Sign this petition and circulate it, now, now. We have little time.
Last year I reported that Tanzania President Kikwete announced that he was going to evict 30,000 Maasai from their homeland in Loliondo in northern Tanzania to enlarge an existing hunting preserve owned by potentates in Dubai and Jordan.
As with the stopped Serengeti Highway, the outcry was substantial, especially locally from the Maasai. Nothing more happened. Until now.
Presuming the resistance had died out, Kikwete announced last week the sale was going ahead.
Manipulating Tanzania’s incredibly corrupt laws, Kikwete has decided to designate this area as a “wildlife corridor” which allows hunting but forces the eviction of the Maasai.
Don’t be fooled by this sinister sobriquet.
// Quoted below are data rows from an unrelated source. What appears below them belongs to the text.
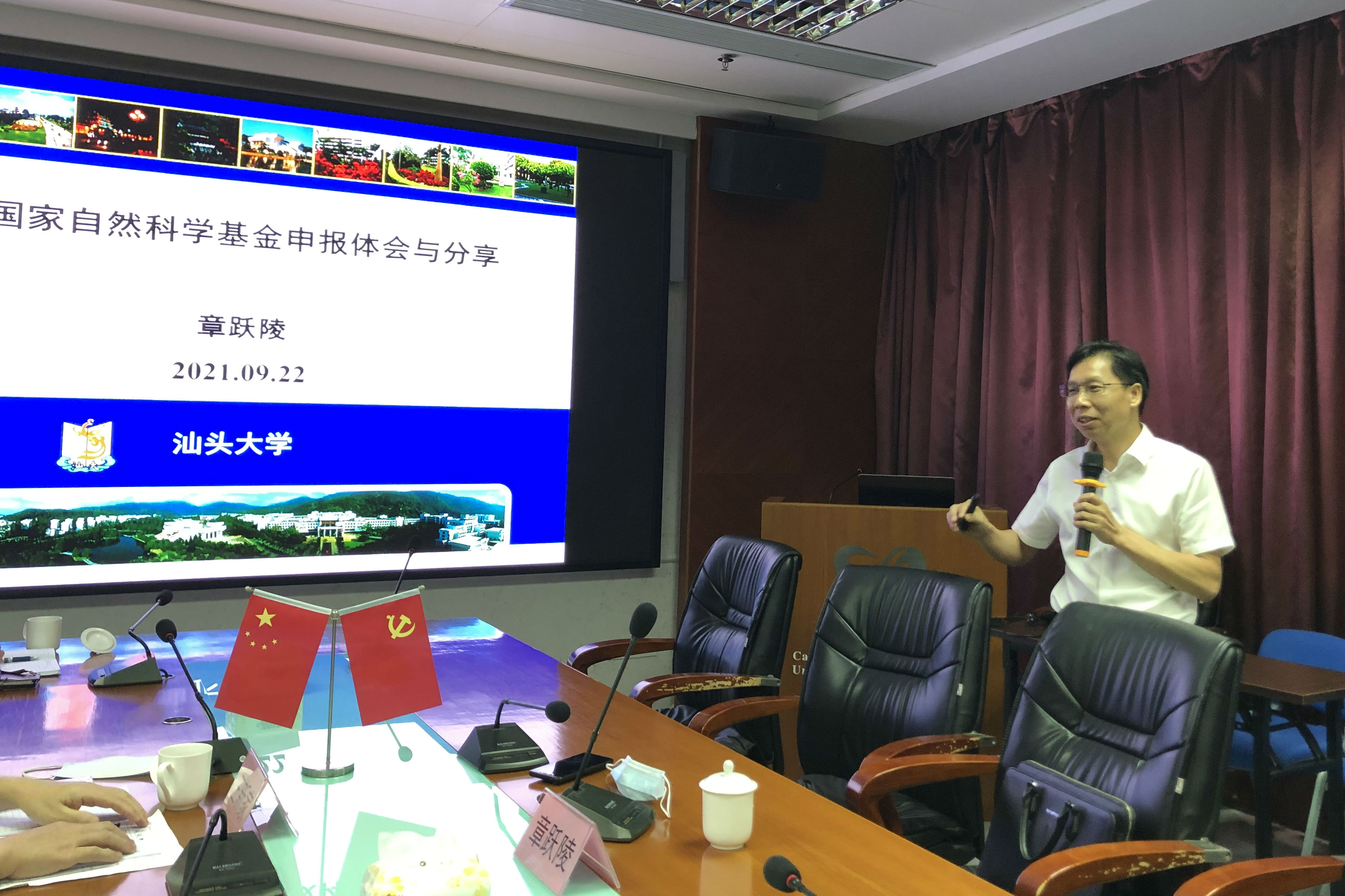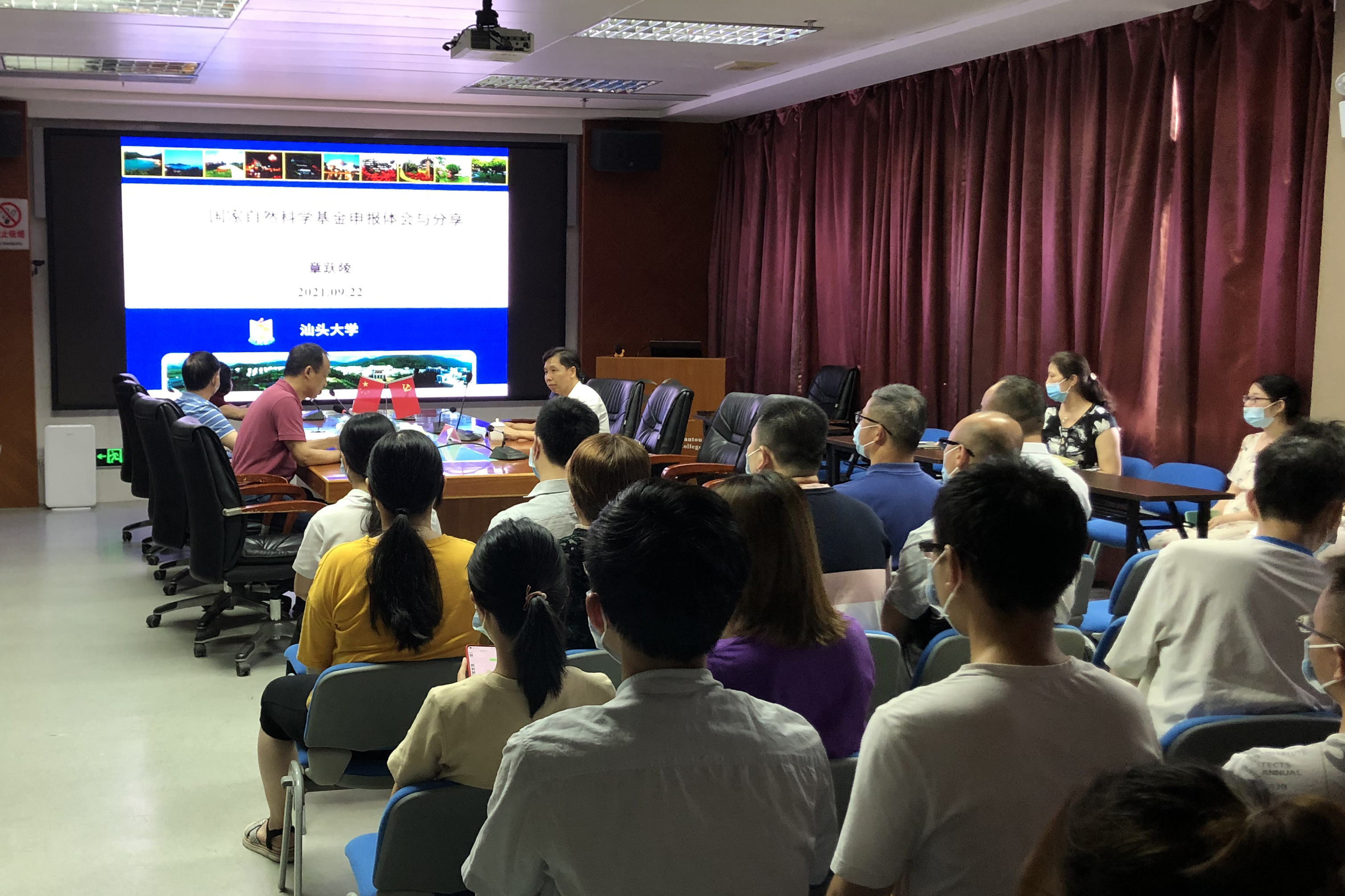 9月22日下午, 在门诊部六楼会议室召开2022年国家自然科学基金(以下简称国基金)申报辅导会,汕头大学理学院院长章跃陵教授应邀作经验分享和申报前辅导。会议由李从铸副院长主持,王新家院长出席会议,部分科室主任、科研骨干和优秀青年人才参加会议。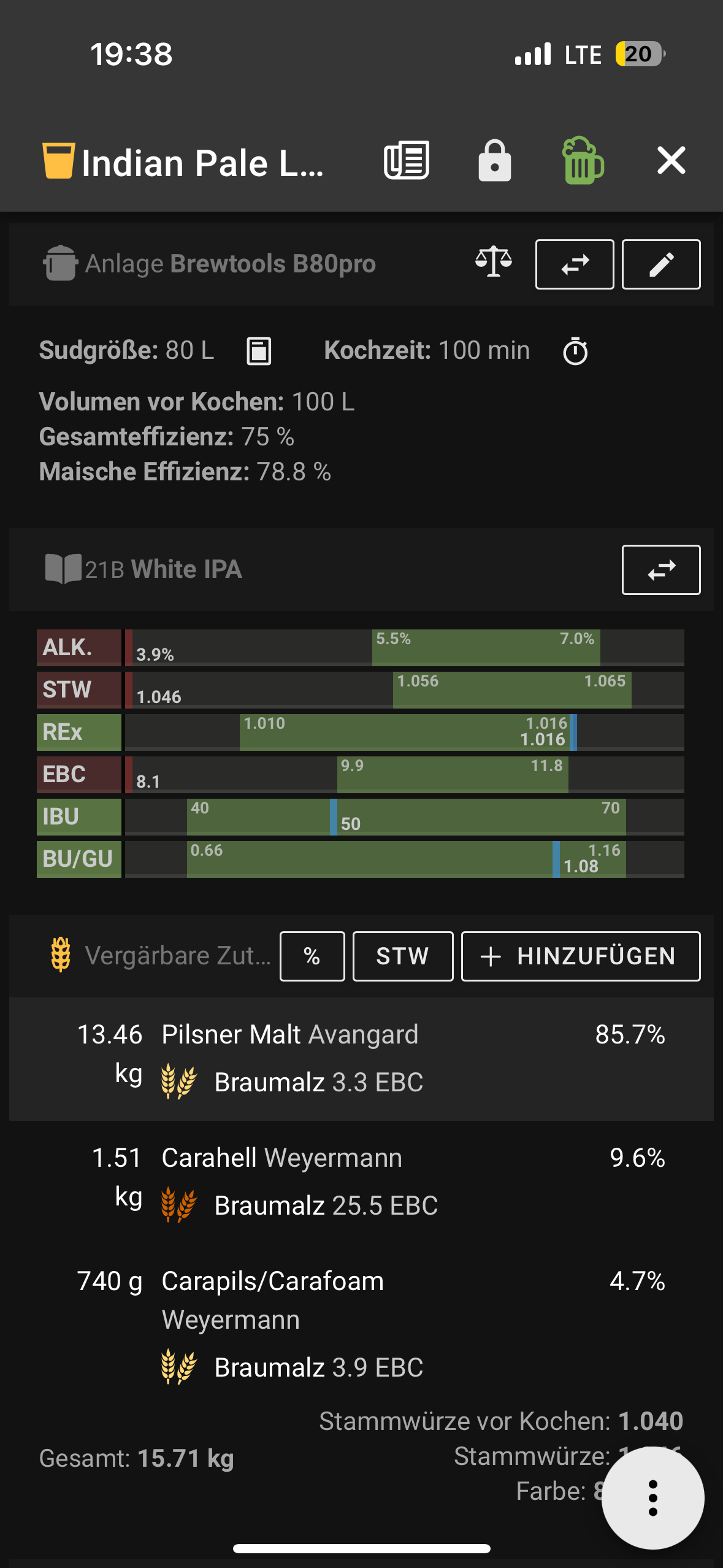 Hab ich einen Anwendungsfehler der App weil laut Brewfather müsste ich fast immer 18-20 Malz verwenden
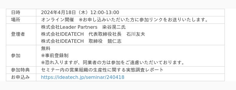 <4/18(木)12:00~13:00>登壇|株式会社Leader Partners 代表取締役 染谷 滉二氏 、株式会社IDEATECH 代表取締役社長 石川 友夫、 取締役 競 仁志

Kikwete and past Tanzanian presidents have close relationships with Mideast potentates, where most of these old politicians’ money is stashed.
This is a land grab if ever there were one.
And this time the impact is actually less on conservationists and tourists than on local Tanzanians.
“My people’s livelihood depends on livestock totally,” a prominent Maasai politician, Daniel Ngoitiko, told the Guardian. “We will die if we don’t have land to graze.”
And don’t think this means there’s a bunch of dirty nomads running around half naked chasing dying cattle. Loliondo has become an important agricultural hub for Tanzania. We’re talking about modern ranching.
Ngoitiko’s comments could just as easily be said word-for-word by any Texas rancher afraid of a government land grab.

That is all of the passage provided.